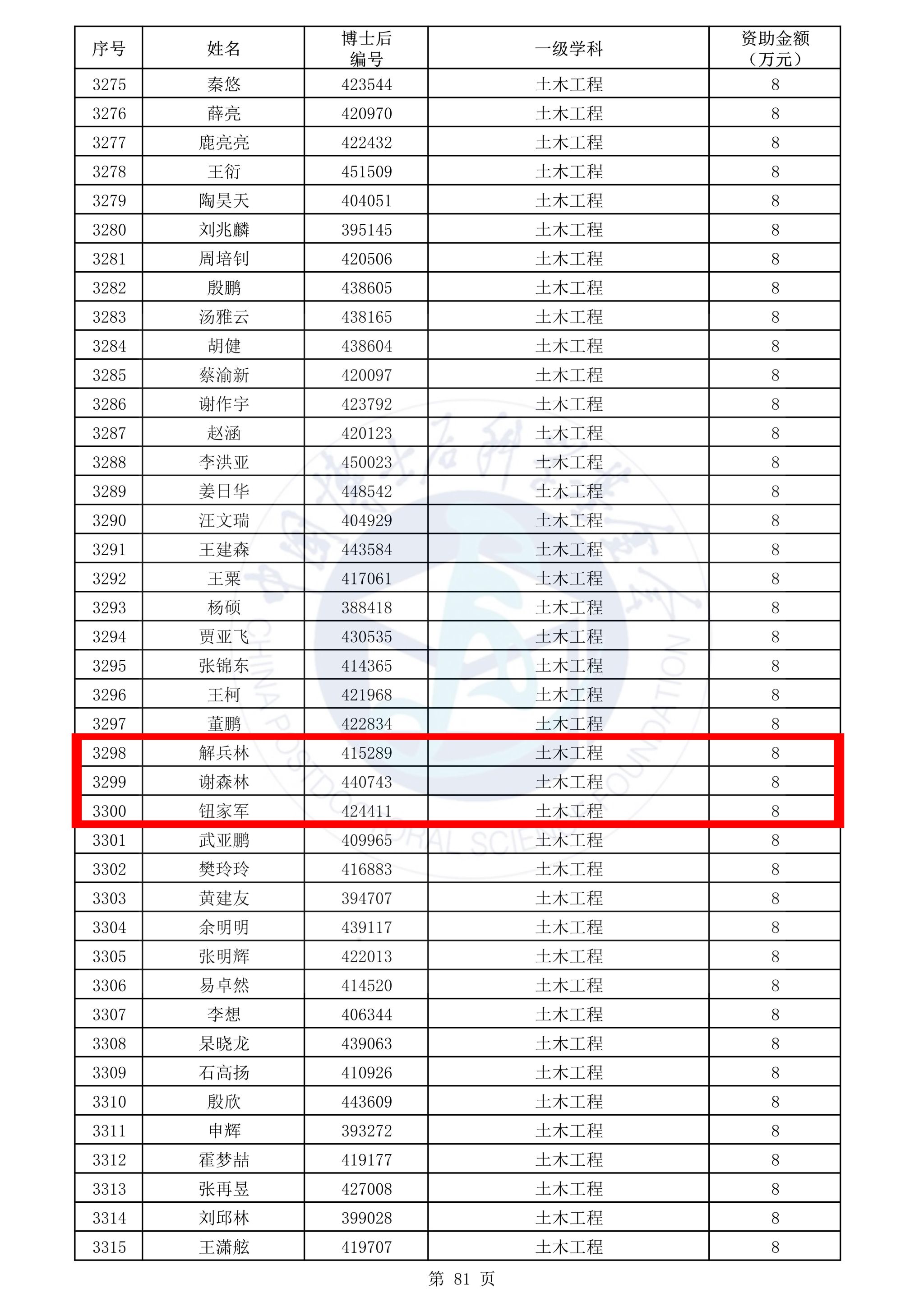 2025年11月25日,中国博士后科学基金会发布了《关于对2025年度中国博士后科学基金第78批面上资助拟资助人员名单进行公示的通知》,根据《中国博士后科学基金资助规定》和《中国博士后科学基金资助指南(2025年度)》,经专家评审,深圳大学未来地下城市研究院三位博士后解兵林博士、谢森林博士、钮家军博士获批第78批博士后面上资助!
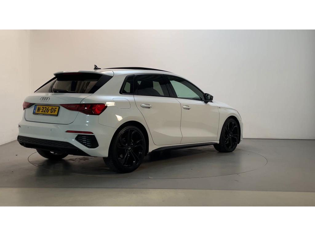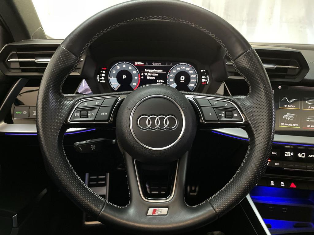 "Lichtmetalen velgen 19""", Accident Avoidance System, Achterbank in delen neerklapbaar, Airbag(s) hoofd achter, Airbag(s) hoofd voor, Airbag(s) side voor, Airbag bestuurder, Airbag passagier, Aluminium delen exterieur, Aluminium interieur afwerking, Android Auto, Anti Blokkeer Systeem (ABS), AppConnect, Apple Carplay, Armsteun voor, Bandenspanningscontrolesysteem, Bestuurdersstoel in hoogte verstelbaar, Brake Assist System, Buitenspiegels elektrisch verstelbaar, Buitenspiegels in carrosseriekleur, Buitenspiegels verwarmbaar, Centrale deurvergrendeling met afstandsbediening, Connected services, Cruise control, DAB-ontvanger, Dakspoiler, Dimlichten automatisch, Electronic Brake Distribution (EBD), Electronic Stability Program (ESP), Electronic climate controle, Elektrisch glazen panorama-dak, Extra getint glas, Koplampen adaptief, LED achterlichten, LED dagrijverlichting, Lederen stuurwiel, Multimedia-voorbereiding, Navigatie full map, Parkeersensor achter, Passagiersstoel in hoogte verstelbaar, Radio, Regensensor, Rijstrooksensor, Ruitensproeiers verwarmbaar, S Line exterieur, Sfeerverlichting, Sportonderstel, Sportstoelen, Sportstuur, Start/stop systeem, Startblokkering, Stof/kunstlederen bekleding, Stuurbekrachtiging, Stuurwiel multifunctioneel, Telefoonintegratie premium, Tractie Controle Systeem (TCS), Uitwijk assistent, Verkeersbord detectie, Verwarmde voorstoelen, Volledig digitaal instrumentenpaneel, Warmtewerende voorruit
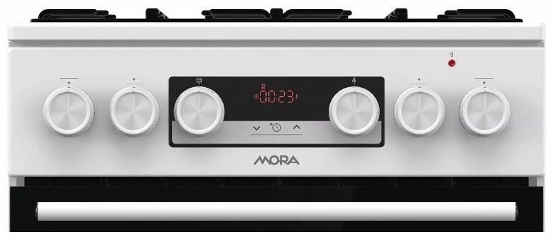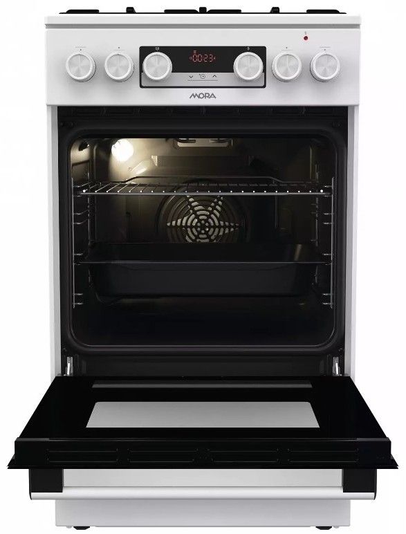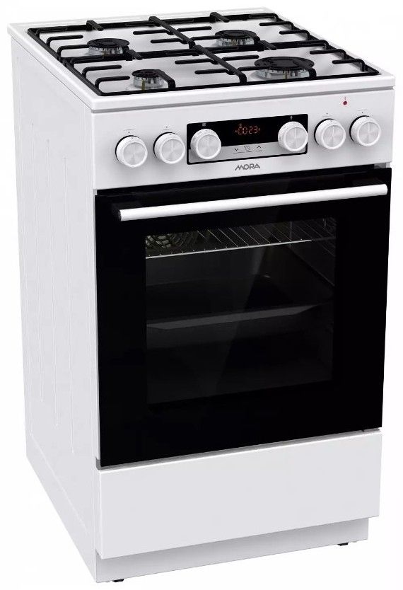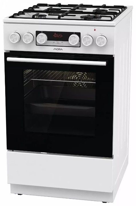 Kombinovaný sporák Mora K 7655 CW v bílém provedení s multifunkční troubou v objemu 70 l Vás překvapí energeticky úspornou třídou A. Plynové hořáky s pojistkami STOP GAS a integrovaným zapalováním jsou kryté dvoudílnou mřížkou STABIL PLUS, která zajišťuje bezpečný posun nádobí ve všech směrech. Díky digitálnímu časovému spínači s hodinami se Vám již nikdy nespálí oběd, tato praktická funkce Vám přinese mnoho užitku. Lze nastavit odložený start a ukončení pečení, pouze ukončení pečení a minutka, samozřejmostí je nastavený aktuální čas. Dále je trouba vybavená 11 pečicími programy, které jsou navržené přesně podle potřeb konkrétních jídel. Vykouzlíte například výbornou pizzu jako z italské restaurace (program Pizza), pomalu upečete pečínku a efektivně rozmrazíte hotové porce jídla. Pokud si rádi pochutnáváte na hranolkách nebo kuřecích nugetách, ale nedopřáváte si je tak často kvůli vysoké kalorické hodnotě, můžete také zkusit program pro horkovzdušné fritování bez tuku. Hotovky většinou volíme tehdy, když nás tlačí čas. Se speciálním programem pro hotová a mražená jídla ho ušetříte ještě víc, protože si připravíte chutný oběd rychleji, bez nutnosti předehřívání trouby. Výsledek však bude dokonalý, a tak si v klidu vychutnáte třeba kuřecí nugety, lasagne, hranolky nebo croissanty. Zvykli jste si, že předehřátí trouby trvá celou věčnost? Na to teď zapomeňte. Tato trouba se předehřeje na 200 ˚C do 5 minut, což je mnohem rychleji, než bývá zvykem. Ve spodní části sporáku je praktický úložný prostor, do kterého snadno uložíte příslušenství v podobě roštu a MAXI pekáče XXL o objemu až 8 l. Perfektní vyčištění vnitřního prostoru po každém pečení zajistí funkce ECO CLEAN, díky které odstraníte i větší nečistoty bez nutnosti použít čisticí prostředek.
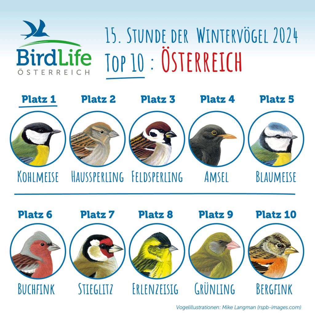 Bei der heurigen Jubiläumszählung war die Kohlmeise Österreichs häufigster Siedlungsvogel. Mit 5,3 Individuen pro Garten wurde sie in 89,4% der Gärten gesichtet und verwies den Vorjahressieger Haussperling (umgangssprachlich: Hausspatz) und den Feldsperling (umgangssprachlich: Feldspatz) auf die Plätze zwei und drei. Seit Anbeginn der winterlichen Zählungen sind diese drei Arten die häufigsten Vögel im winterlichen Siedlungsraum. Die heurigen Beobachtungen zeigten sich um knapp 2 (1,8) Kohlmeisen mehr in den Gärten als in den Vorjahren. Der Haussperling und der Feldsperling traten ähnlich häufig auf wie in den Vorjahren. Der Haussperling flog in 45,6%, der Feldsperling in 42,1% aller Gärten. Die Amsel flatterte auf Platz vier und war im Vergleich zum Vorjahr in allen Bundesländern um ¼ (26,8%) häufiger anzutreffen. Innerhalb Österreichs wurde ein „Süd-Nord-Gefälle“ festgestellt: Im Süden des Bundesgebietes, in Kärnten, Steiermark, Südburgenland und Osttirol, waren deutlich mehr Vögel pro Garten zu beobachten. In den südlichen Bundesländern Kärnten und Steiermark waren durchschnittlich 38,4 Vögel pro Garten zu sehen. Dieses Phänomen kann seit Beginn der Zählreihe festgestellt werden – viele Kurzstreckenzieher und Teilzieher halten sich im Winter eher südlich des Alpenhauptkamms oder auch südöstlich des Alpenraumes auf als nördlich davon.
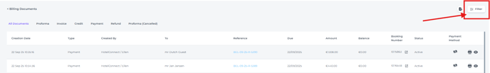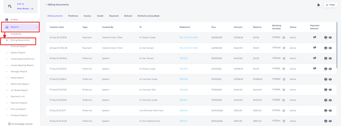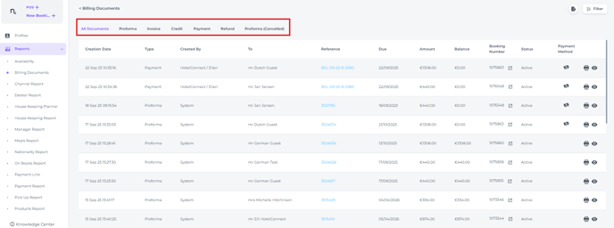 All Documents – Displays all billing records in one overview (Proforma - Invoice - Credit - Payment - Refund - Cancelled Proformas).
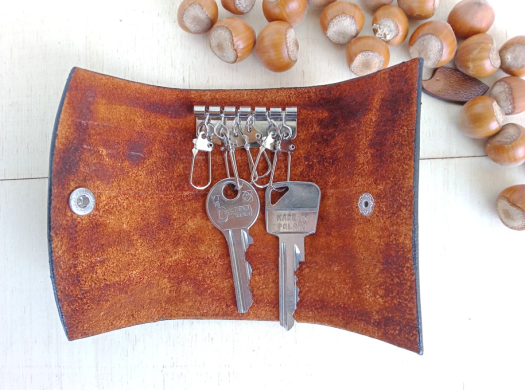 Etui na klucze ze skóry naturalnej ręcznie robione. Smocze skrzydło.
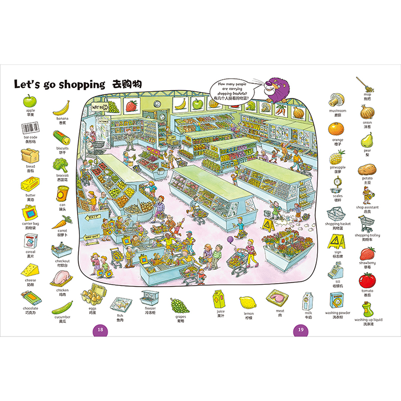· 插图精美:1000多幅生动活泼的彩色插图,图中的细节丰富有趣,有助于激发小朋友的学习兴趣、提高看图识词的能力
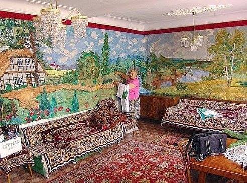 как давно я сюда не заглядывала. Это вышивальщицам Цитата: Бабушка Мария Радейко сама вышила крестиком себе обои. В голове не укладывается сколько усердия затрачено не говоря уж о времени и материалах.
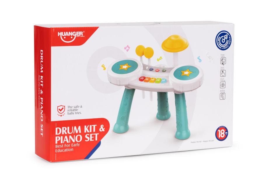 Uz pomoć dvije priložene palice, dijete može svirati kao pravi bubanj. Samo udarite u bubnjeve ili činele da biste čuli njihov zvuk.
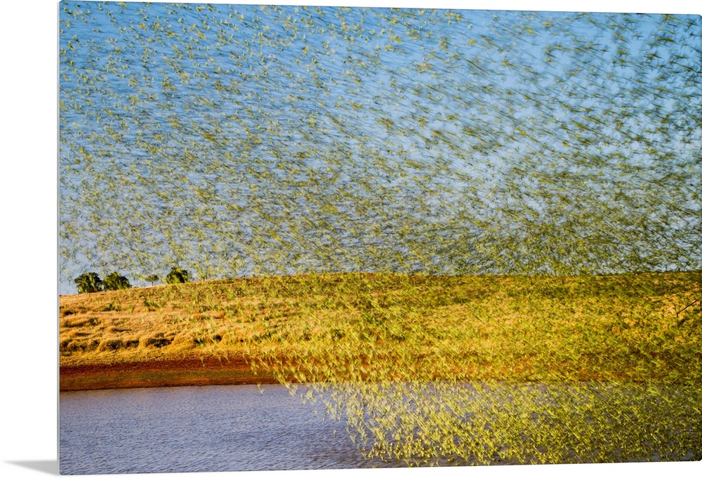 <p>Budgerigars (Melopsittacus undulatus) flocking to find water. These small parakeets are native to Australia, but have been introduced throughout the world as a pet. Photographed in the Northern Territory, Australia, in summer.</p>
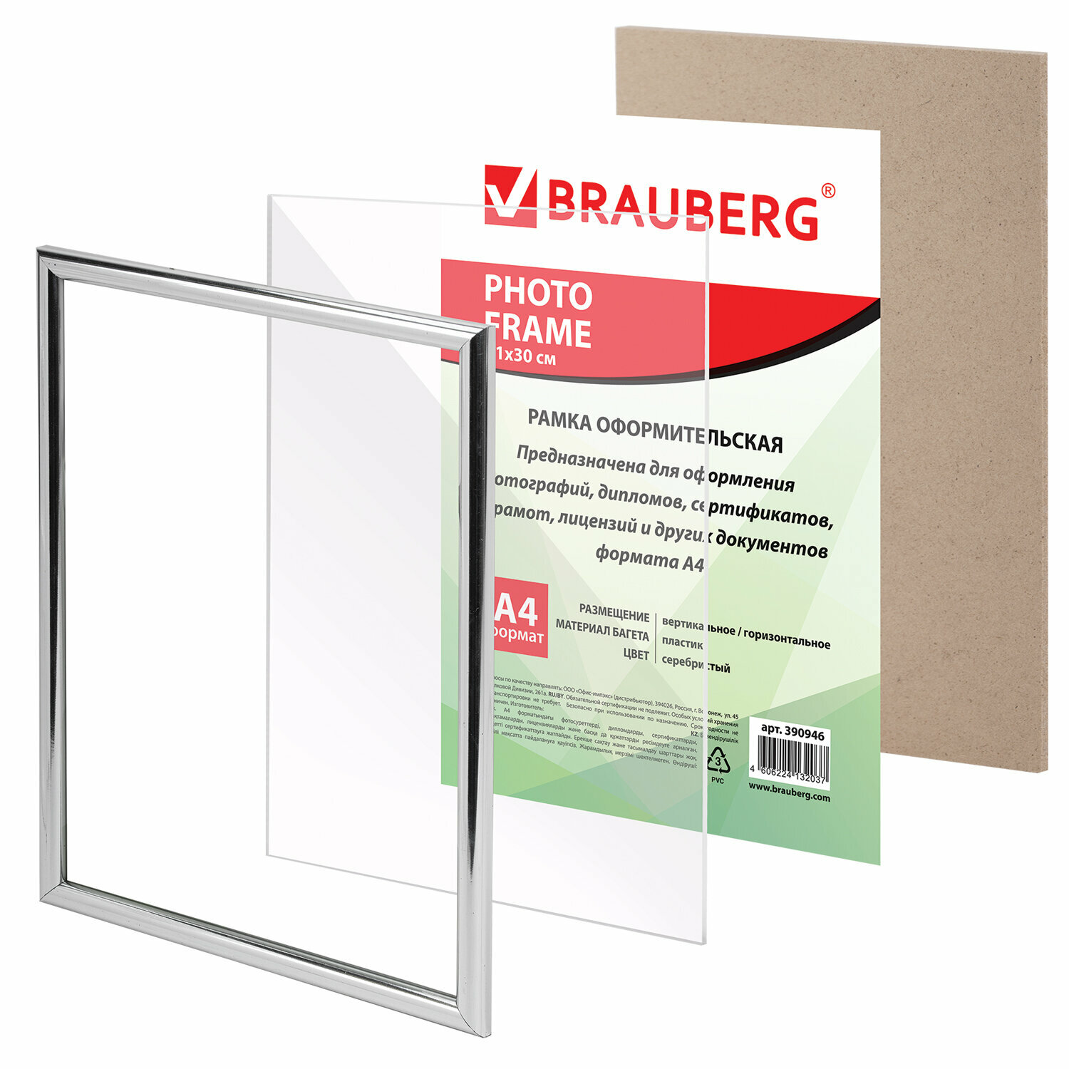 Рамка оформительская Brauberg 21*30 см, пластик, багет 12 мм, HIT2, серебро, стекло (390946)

----

*Exercise goal*:
Retype the line containing "Etui na klucze" and each line after it through the last line of the entries above, exactly, with no pictures and nothing else.

*Response to the task*:
 Etui na klucze ze skóry naturalnej ręcznie robione. Smocze skrzydło.
· 插图精美:1000多幅生动活泼的彩色插图,图中的细节丰富有趣,有助于激发小朋友的学习兴趣、提高看图识词的能力
 как давно я сюда не заглядывала. Это вышивальщицам Цитата: Бабушка Мария Радейко сама вышила крестиком себе обои. В голове не укладывается сколько усердия затрачено не говоря уж о времени и материалах.
 Uz pomoć dvije priložene palice, dijete može svirati kao pravi bubanj. Samo udarite u bubnjeve ili činele da biste čuli njihov zvuk.
 <p>Budgerigars (Melopsittacus undulatus) flocking to find water. These small parakeets are native to Australia, but have been introduced throughout the world as a pet. Photographed in the Northern Territory, Australia, in summer.</p>
 Рамка оформительская Brauberg 21*30 см, пластик, багет 12 мм, HIT2, серебро, стекло (390946)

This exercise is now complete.